Opinion
No. 84-1532.
December 28, 1984.
Appeal from the Circuit Court for Martin County, Rupert J. Smith, J.
Jeffrey M. Kirsch, Scott Fogt, Stuart, for appellant.
Scott Kramer, North Palm Beach, for appellee.
A former husband appeals the denial of his motion to dismiss a suit by his former wife for lack of in personam jurisdiction. We reverse.
The wife sued the husband, a New Jersey resident, for breach of contract based on a settlement agreement entered into in New Jersey. The husband had paid the child support as specified in the agreement until the wife took the child and moved to Florida. We agree with the husband that the action should be dismissed.
The wife relies on Section 48.193(1)(g), Florida Statutes (1983), in order to invoke the jurisdiction of the Florida court. However, the husband has insufficient contacts with this state to satisfy due process standards. The case of Scordilis v. Drobnicki, 443 So.2d 411 (Fla. 4th DCA 1984), is relevant. There the defendant son-in-law's only connection with Florida was his borrowing money from his mother-in-law, a New York resident who later moved to Florida and demanded repayment.
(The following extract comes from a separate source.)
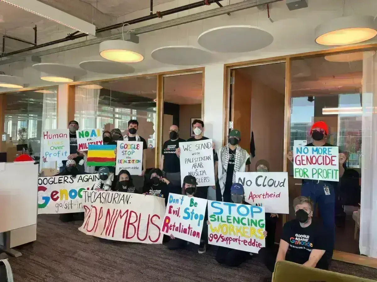 Στη Νέα Υόρκη, διαδηλωτές είχαν καταλάβει τον 10ο όροφο των γραφείων της Google στο τμήμα Chelsea του Μανχάταν, ως μέρος μιας διαμαρτυρίας που επεκτάθηκε και στα γραφεία της εταιρείας στο Σιάτλ για αυτό που αποκαλούσε «No Tech for Genocide Day of Action».

She too, relied on Section 48.193(1)(g) arguing that jurisdiction resulted from the contract being breached in Florida. However, this court held that that circumstance alone was insufficient to satisfy due process. As here, the parties in Scordilis did not expressly agree that payment would be made in Florida nor were there any allegations that the son-in-law, (or the husband in the instant case) had availed himself of any privileges and benefits of Florida law. The mother-in-law's selection of Florida as her eventual place of residence was found to be an isolated, fortuitous circumstance. Similarly, in Boyer v. Boyer, 73 Ill.2d 331, 22 Ill.Dec. 747, 383 N.E.2d 223 (1978), the Illinois court found no jurisdiction over a Georgia resident, noting:
[T]he defendant in our case derived no commercial or personal benefits from the presence of his children or ex-wife in Illinois; thus, the facts of our case support neither the reasonableness-and-fairness test nor the minimum-contact criterion of due process.Id. 22 Ill.Dec. at 750, 383 N.E.2d at 226.
The wife also asserts that the husband gave her a choice of forum because of paragraph 17 of the property settlement agreement:
17. Husband's obligations hereunder shall survive any decree of any Court granting a divorce to either of the parties for past or future fault of either party (or granting separate maintenance or alimony, temporary as well as permanent). Similarly, it is agreed that if consistent with the rules of practice of a Court granting such decree or judgment of absolute divorce, the provisions of this Agreement may be incorporated in such decree or judgment, but notwithstanding such incorporation this Agreement shall not be merged therein but shall in all respects survive same. Nothing herein contained shall be construed to prevent either of the parties from maintaining suit for absolute divorce against the other in any jurisdiction based upon any past or future conduct of the other, nor bar the other from defending any such suit.
We decline to so interpret this paragraph. The record contains no Florida Final Judgment of Dissolution and it appears that the divorce was actually obtained in Haiti.
REVERSED AND REMANDED WITH DIRECTIONS TO DISMISS THE ACTION.
ANSTEAD, C.J., and HURLEY, J., concur.